On his arrival home, Harry finds that while his financial worries have eased, his marriage worries have increased. Constantly bickering with his wife, snappy with his children, and under the growing threat of alcoholism, Harry must also contend with a more insidious and powerful force: the horrific sights of the Lebanon which have become indelibly etched on his fragile mind.
'After Kafra', the second novel from Irish army member Martin Malone, is one of those books that can be aptly described as a 'quiet triumph'. The first half is quite stirring in its depiction of an ostensibly steely young man in the throes of post traumatic stress disorder.

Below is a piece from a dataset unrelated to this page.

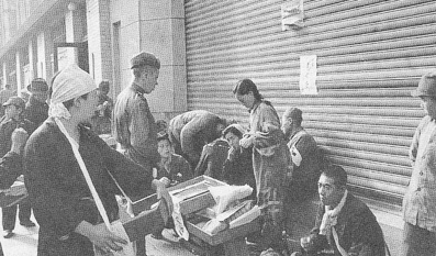 (图:1945年11月,吉林长春,日侨地摊前的苏联红军战士。)

Less convincing, however, is the character of June, Harry's wife. While the portrayal of Harry is consistent throughout the novel, June's character suffers in the pacing of the second half. Giving nothing of the plot away, a transition takes place in June's character, and while it could be argued that the transition is integral to the book's success, it seems a little too contrived to go unchecked. Harry's segues into analysis of his Lebanon experience are also a moot point – tending to isolate rather than incorporate the reader.
'After Kafra' is a fine read that is generally well written, well paced and well judged. And while some may find the subject matter immediately alienating, it is a book which ultimately rewards the patience of the reader.